The molar view replaces contiguity with covariance, as illustrated in Figure 1. Covariance between an activity and a PIE transforms the activity into operant activity that both interacts with the environment and sustains the organism.

Figure 1
Covariance closes a loop to maintain effective (operant) activity
Note: Left: a PIE (e.g. food or shock) from the environment (E) induces various activities (B and BO) in the organism process (O). Right: covariance imposed between B and the PIE results in a loop, in which the activity B produces the PIE and the PIE induces the activity, which again produces the PIE, and so on.
A second kind of covariance relates a feature of the environment (a stimulus S) to a PIE. When positive covariance exists between S and the PIE, we may say that S predicts the PIE. Then S becomes a conditional inducer and induces some of the same activities that the PIE induces, most notably the operant activity that the PIE induces. When someone works for wages, the work is in long-term covariance with surviving, which has parts like eating, sheltering, and maintaining health. This relation maintains working, but working itself is an activity or process comprised of parts like driving to work, completing tasks, and driving home, all of which are activities induced by the continued small-scale feedback from employers, including paychecks. (See my 2024 book, Introduction to behavior: An evolutionary approach, for an introduction to this way of thinking about behavior, and my 2022 book, Science and philosophy of behavior, for a collection of papers with commentary.)
Figure 2 illustrates the basics of operant behavior according to the molar view. It expands on the right-hand diagram in Figure 1. Broken arrows indicate covariance, and solid arrows indicate induction.
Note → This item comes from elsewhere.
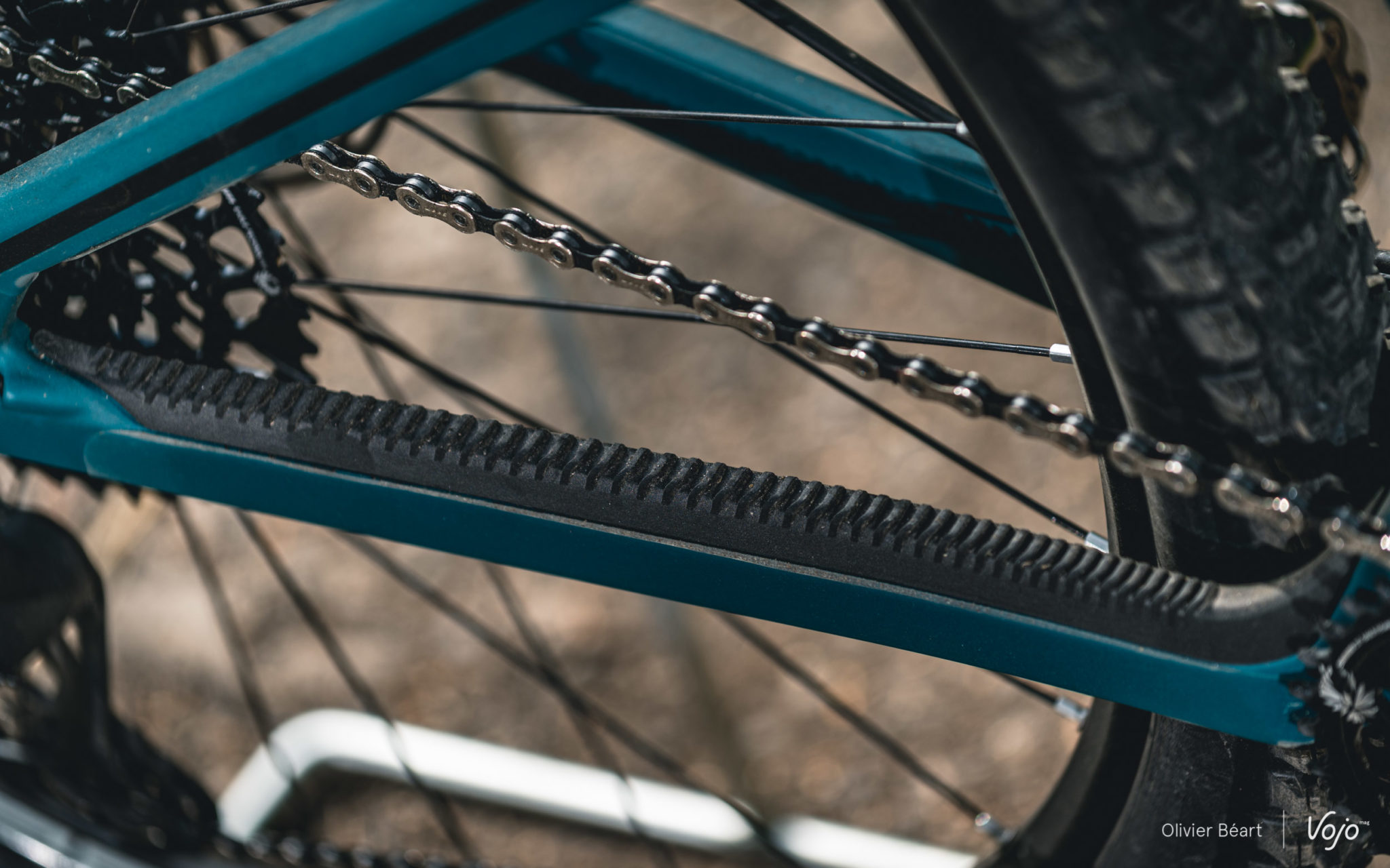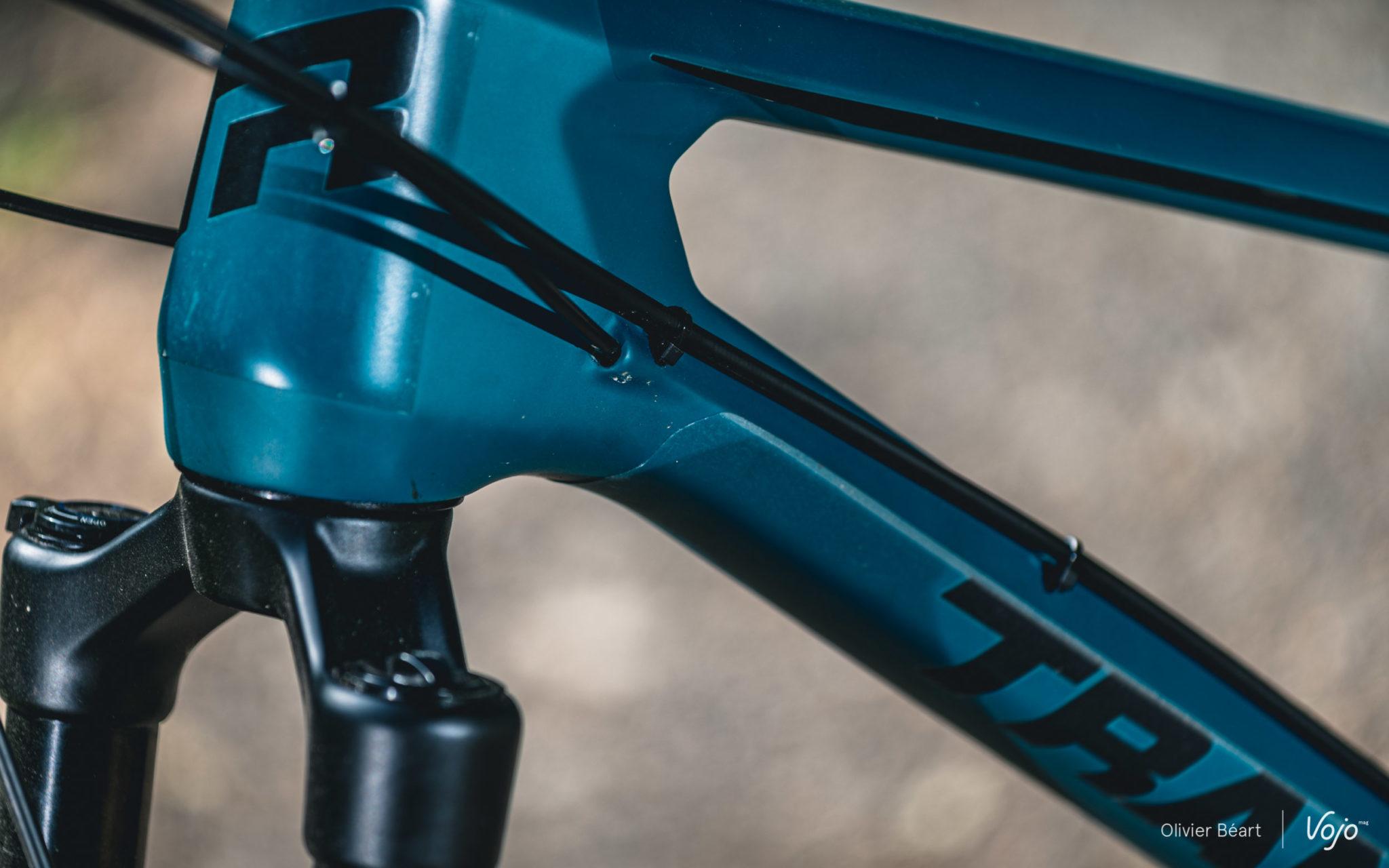 A noter que ce cadre est garanti à vie et qu’on y trouve des protections caoutchoutées parfaitement intégrées au niveau de la base droite et du bas du tube diagonal. Le passage des câbles a aussi été soigné. Afin de faciliter la vie des mécanos, le tout est guidé en interne et ressort au niveau du boîtier de pédalier avant de re-rentrer dans le bras arrière. La Durit de frein passe quant à elle entièrement en externe, ce qui est bien pratique et finalement pas si visible que cela. Toujours dans un esprit de fiabilité et de tranquillité d’esprit, le boîtier de pédalier est fileté.

The activity B stands in positive covariance with a PIE. A stimulus or context S stands in positive covariance with the PIE. Both context S and the PIE induce activity B. Working (B) is induced by the features that constitute context S and also is induced ultimately by the PIEs that facilitate surviving (food, mate, friends, shelter, etc.).

Figure 2
Relations among a signal, an activity, and positive activity-PIE covariance
Note: Dashed two-headed arrows indicate positive covariance between the signal S and the PIE and between the activity B and the PIE. Solid arrows indicate induction. S induces activity B in the short term, and the PIE induces the activity B in the long term.
The conceptualization shown in Figure 2 replaces the traditional, molecular, notation SD:R◊SR. The advantages of the molar view are many. For example, the conception in Figures 1 and 2 solves the problem of the first instance—that action must occur before it can be reinforced—and the origin of variation in action needed for shaping, both of which reinforcement left unsolved. The molar view affords a plausible account of avoidance, something the molecular view failed at, because successful avoidance is followed by nothing. Most importantly, the molar view: (a) affords plausible and elegant accounts of everyday behavior; and (b) connects behavior analysis with evolutionary theory.